Dimanche 14 février 2021, Frédérique Vidal, ministre de l’Enseignement supérieur et de la recherche, a déclaré sur CNews vouloir demander une enquête au CNRS sur « l’islamo-gauchisme » dans les universités. Ce faisant, elle illustrait parfaitement un système fébrile qui tente à tout prix de maintenir ses structures de pouvoir. Depuis, les attaques contre des chercheur·ses en études décoloniales et de genre se multiplient, au sein de l’université mais aussi sur les réseaux sociaux, de manière extrêmement violente. Retour sur les enjeux et conséquences de ces propos.

Je pense que l’islamo-gauchisme gangrène la société dans son ensemble et que l’université n’est pas imperméable, l’université fait partie de la société. (…) Ce que l’on observe dans les universités, c’est qu’il y a des gens qui peuvent utiliser leurs titres et l’aura qu’ils ont, ils sont minoritaires (…), pour porter des idées radicales ou pour porter des idées militantes.

Frédérique Vidal

Déjà fin novembre 2020, la ministre mettait à mal la liberté de la recherche avec l’adoption de la LPR (Loi de programmation de la recherche), allant vers toujours plus de compétition, de précarité des postes et de privatisation de l’Université. Comme si ce n’était suffisant, Frédérique Vidal s’est également lancée depuis février dans une chasse à une idéologie chimérique qui « gangrènerait » les institutions : « l’islamo-gauchisme ». Or il ne s’agit pas d’une expression employée au hasard mais qui est bien au contraire attachée à de criantes connotations. Le terme est né dans les milieux de droite et d’extrême droite au début des années 2000, élément à part entière de la sémantique d’Eric Zemmour, Marine Le Pen mais aussi d’un flot de personnalités centristes ou de centre-gauche : Manuel Valls, Caroline Fourest… Il témoigne de la peur et l’inconfort d’un pan de la société qui possède le pouvoir culturel, économique, social, de voir ses intérêts menacés par des jeunes et des chercheur·ses qui dépoussièrent les livres d’histoire et proposent de nouvelles interprétations de centaines d’années d’esclavage, colonisation, racisme, sexisme, homophobie, transphobie, etc.

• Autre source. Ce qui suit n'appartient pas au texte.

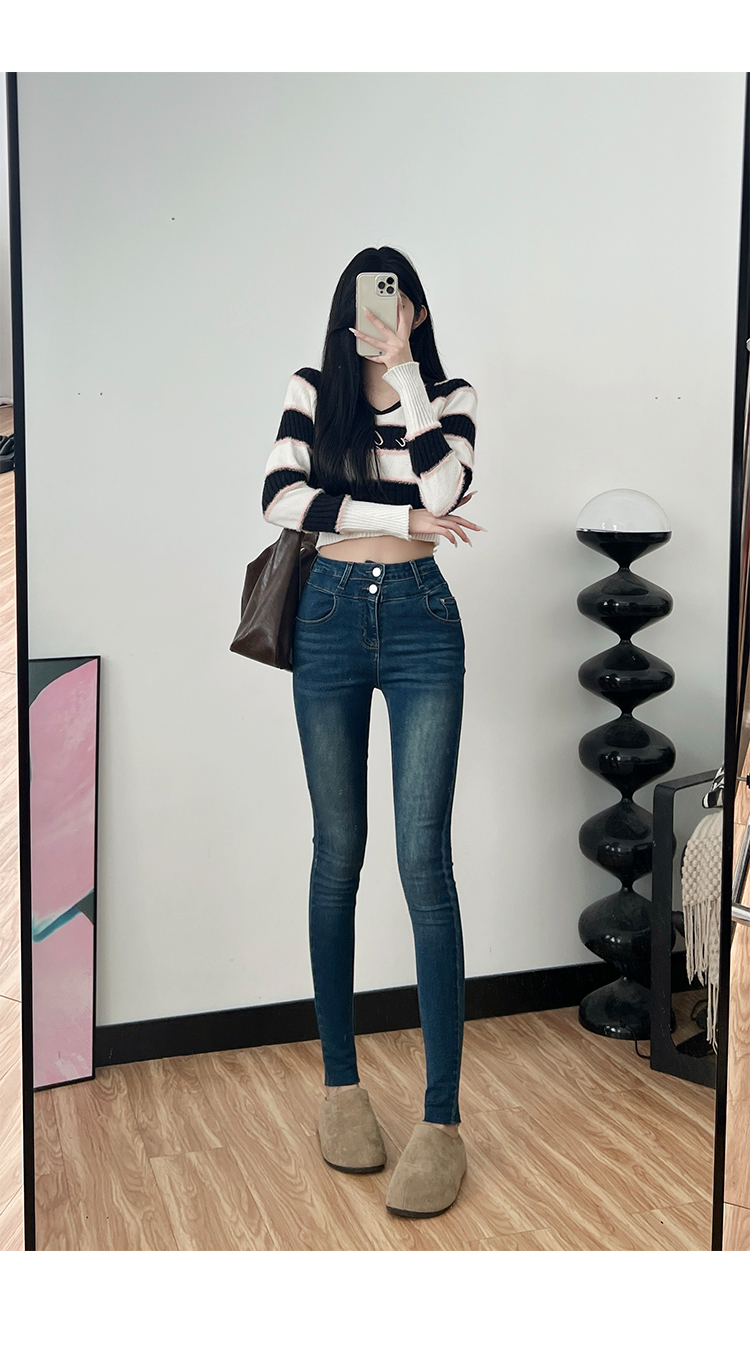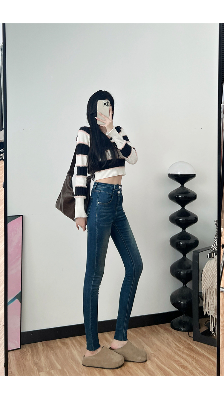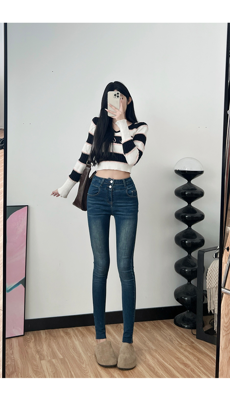 한국 동대문 패션 편안함 신제품 트렌드 여성 의류 펭 넓적 다리 바지 높음 벨트 넓적 다리 패드 명시적 스티치 작은 청바지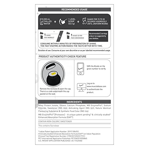 Specification: MuscleBlaze Biozyme Iso-Zero, Zero Carb, 100% Pure Whey Protein Isolate with USA Patent-Published Enhanced Absorption…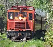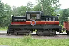 CMRR No. 29, "The Goat" is an Ex-Navy 50 ton H. K. Porter, Inc locomotive, which was a backup engine and main engine for work train service. It has a double-reduction gearing system in the trucks. The traction motors are mounted at 90 degrees to the axles and have bevel pinions on the armature shafts. These bevel pinions drive a larger bevel ring gear in a gear case. On one truck, the locking nut on the traction motor armature shaft came loose, and the bevel pinion jammed in the ring gear, locking up the truck. The bevel pinion jammed against the ring gear and bent it. #29 is currently for sale and remains in storage in Phoenicia.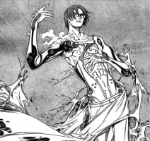 Yasuyoshi Sano (左 安良, Sano Yasuyoshi?), known as 'Aeon Clock', was a Storm Rider who was once a member of Behemoth. After Behemoth was disbanded, he was recruited into Genesis by Simca the Swallow and served as an ally to Kogarasumaru.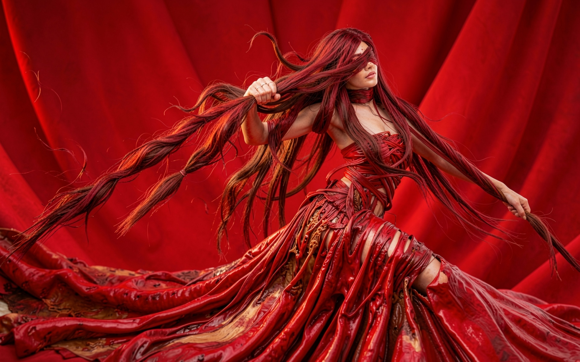 Девушка в красном платье на фоне штор
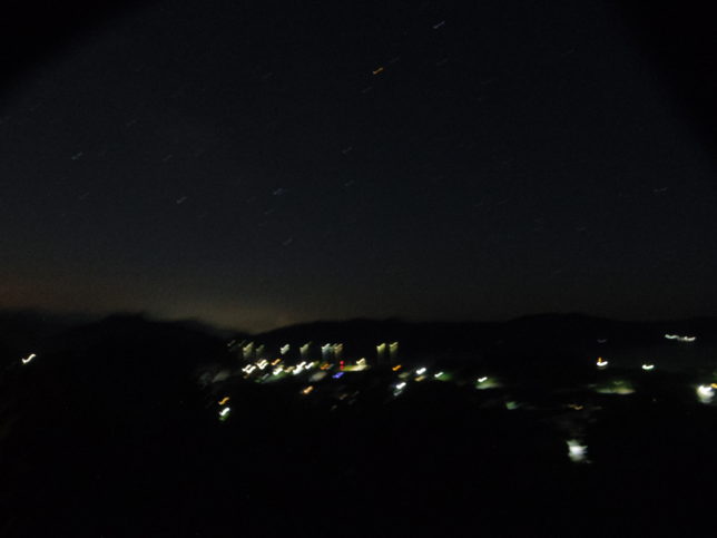 今日から牛鬼祭り。(オヤジには和霊様の方がしっくりくるんだけど)。今日は夜8時から花火がある。8時になるとここまで花火の音が聞こえてきた。奥方とテトと一緒に裏山に登ってみた。低い花火は見えないが、たまに上がる高くまで昇る花火は見えた。写真に撮ろうと思ったが、うまくいかなかった。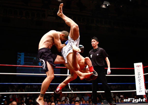 才賀紀左衛門(左)とラウェイ王者・浜本"キャット"雄大(右)の一戦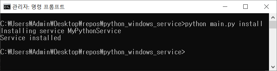 작성한 코드를 윈도우 서비스로 설치(등록)하려면 다음의 명령을 실행합니다.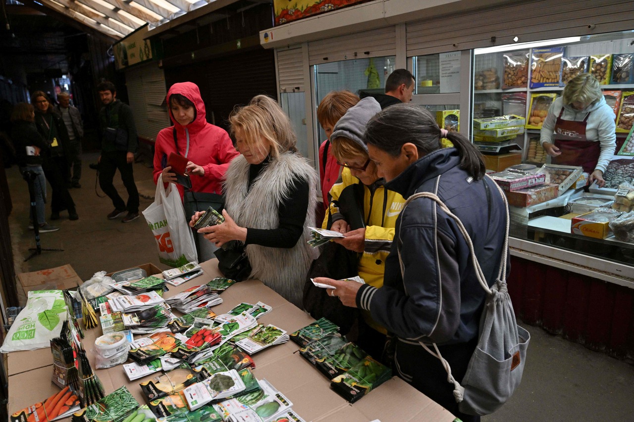 Despite everything, 63-year-old Nadia Grebenyk is doing brisk business at her stall selling seeds for growing cucumbers, watermelon and flowers.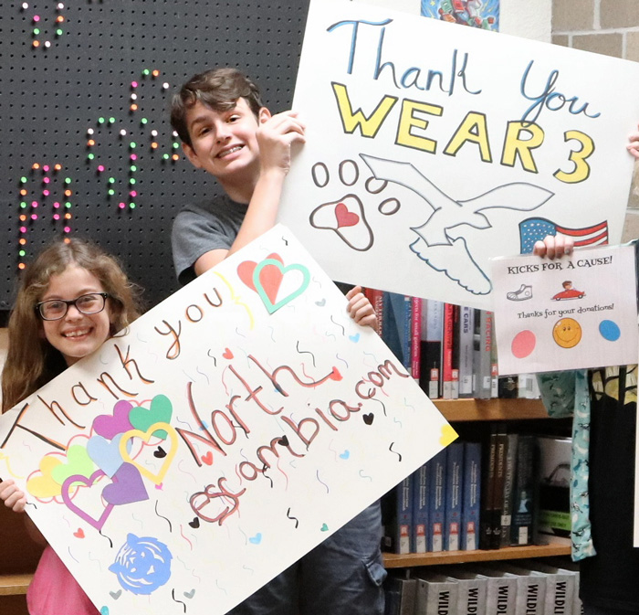 The students held a small event Friday morning to announce their results and to thank students and the community for the donations, and to thank WEAR 3 and NorthEscambia.com for supporting the shoe drive with media coverage.

La CPU (Conférence des présidents d’université), dans un premier communiqué, puis le CNRS se sont désolidarisés de l’annonce de la ministre. Une partie du monde de la recherche s’est également indignée des paroles de Vidal, lançant même une pétition pour demander sa démission, signée à ce jour par 23 644 personnes. C’est une mobilisation vive qui a traversé la deuxième partie du mois de février, sur fond d’amertume, car il est important de souligner que Frédérique Vidal n’est pas une voix isolée. Sa déclaration n’a rien d’une dérive hasardeuse mais elle est bien symptomatique d’un durcissement des positions de La République en marche (LREM). L’adoption en première lecture, par l’Assemblée nationale, de la loi sur « les principes de la République » contre les séparatismes, en est l’exemple criant. En outre, le Sénat a encore durci le texte et adopté le 6 avril dernier une disposition interdisant l’exercice de la prière à l’université, afin d’en empêcher la pratique « dans les couloirs ». Gérald Darmanin, ministre de l’Intérieur, a également apporté son soutien à la ministre. Ces positions sont bien la face visible de tout un système à l’œuvre. Parler en ces termes un jour de grande audience sur une des chaînes d’information françaises mainstream les plus importantes est une manifestation de la volonté délibérée du gouvernement de menacer les paroles dissidentes au savoir institutionnel, mais aussi l’aveu grinçant d’un système encore profondément ancré dans des mécanismes de colonialité. 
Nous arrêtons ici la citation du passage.